To understand why shift workers experience reduced sleep time and sleepiness, it is necessary to describe the human circadian timing system. Physiological and behavioral processes, including the secretion of hormones, the sleep/wake schedule and the performance of mental activities, are known to oscillate in circadian (about 24 hours) cycles that are controlled by the biological clock, located in the suprachiasmatic nucleus of the hypothalamus.^12,38 Under normal conditions, circadian rhythms are entrained to the environmental light–dark cycle and are synchronized with it. Thus, time-of-day effects demonstrate increased sleep propensity and reduced alertness and performance capacity in the early morning hours, corresponding to the minimum in core body temperature, the peak of melatonin secretion and the timing of the habitual sleep phase.^39,40 Changes in the timing of sleep and wake periods create circadian desynchrony. Shift workers on night or rotating shifts are required to remain awake during periods of increased sleep propensity; and the timing of their sleep phase is shifted to the daytime hours, when rhythms of performance, alertness and core body temperature are on the rise.^12,39,40 Daytime sleep is shorter, ensuing in partial sleep deprivation and sleepiness. Such chronic exposure to circadian desynchrony entails serious consequences, by compromising safety, productivity and health.^28,37,41 Some of the immediate consequences of shift work include increased risks for human error, accidents and injuries.^31,37,42

Shift Work Sleep Disorder (SWSD) has been defined by The International Classification of Sleep Disorders, 2nd edition⁴³ as the presence of insomnia and/or daytime sleepiness associated with shift work. In a study on its prevalence and characteristics, the true prevalence of SWSD was 14% in night shift workers and 8% in rotating shift workers, after removing the percentage of insomnia and excessive sleepiness found in day workers.³⁶ Those with SWSD had higher rates of ulcers and depression, missed more work days and more family/social events, and had higher scores of neuroticism and more sleepiness-related accidents, than their shift work counterparts who did not have SWSD. For most of these outcomes, workers with SWSD had increased morbidity in comparison to their day work counterparts with the same symptoms (ie, insomnia and daytime sleepiness without shiftwork). These findings demonstrate the additive effects of symptoms of poor sleep (insomnia, excessive sleepiness) and work schedule (circadian desynchrony) on serious health and functional outcomes.^12,36

Cross sectional and longitudinal investigations indicate that shift workers are at an increased risk for developing health problems, including gastrointestinal and cardiovascular diseases, diabetes and metabolic disorders, breast and colon cancers.^12,34,41 Investigations on the mechanisms underlying these relationships suggest that sleep deprivation and circadian desynchrony are involved in changes in neuroendocrine function, reduced capacity of the immune system, metabolic disturbances and tumor growth.^34,41,44,45 Exposure to light at night, leading to melatonin suppression, has also been implicated as an underlying mechanism (see below).

Flexible work systems

In addition to shift work, flexible work systems in which workers are not confined to traditional work hours have become increasingly prevalent.^27,28 Flexibilization is a relatively new concept in organizational management, and is linked to trends in globalized economy.⁴⁶ Such nonstandard work schedules are highly variable among organizations, and may include working evenings, weekends, split shifts, on call hours or compressed work weeks.^27,30 Though seemingly an attractive approach for allowing workers to tailor their work schedule to their individual needs,⁴⁷ flexible work schedules may have a negative impact on workers’ health.
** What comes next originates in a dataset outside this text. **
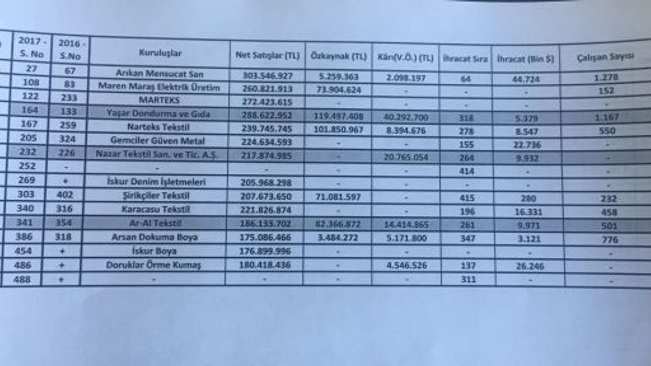 İSTANBUL SANAYİ ODASI “İLK 500 BÜYÜK SANAYİ KURULUŞU” 2017 YILI LİSTESİNDEKİ KAHRAMANMARAŞ ŞİRKETLERİ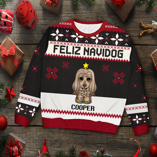 Christmas Big Eyes Dog Feliz Navidog - Personalized Unisex Ugly Sweater

In a study comparing traditional and nontraditional work schedules, scores of physical health, mental wellbeing and sleep quality were consistently higher for the traditional schedule workers.³⁰ Specifically, sleep quality was significantly lower in those working irregular shifts and compressed work weeks (10–12 hour 3–4 weekly shifts). Pending further investigation, the effects of flexible work systems on sleep and health may depend on workers’ degree of flexibility; ie, increasing workers’ control and choice of their work schedules may have beneficial effects on their sleep, health and overall wellbeing; whereas organizational enforced work schedules have a more negative impact on workers’ overall health.⁴⁸

Jet lag

Jet lag is another circadian rhythm disorder which has emerged vis a vis the widespread popularity of transmeridian travel in recent decades.¹⁴ Circadian desynchrony between the sleep–wake schedule and other endogenous circadian rhythms with the environmental light–dark cycle creates symptoms of jet lag, including daytime sleepiness, difficulty falling asleep during eastward flights, early morning awakenings on westward flights, impaired alertness and performance as well as gastrointestinal problems and loss of appetite.¹²

The circadian timing system is able to readjust to new environmental time cues. On average, the adaptation rate is an hour a day, so that, depending on the number of time zones crossed and individual differences, travelers can expect their circadian system to adapt to the new time zone, given that they remain at their destination for a sufficient amount of time.¹² However, when transmeridian travel is ongoing, such as in the case of aircrew cabin workers, chronic jet lag is associated with reduced cognitive capacities and higher levels of cortisol.⁴⁹ Furthermore, chronic jet lag simulated in laboratory mice is associated with dysregulation of the immune system, that is mediated by circadian desynchrony but not by sleep loss.⁵⁰ Future investigations may further elaborate on the long term effects of jet lag on sleep, performance and health.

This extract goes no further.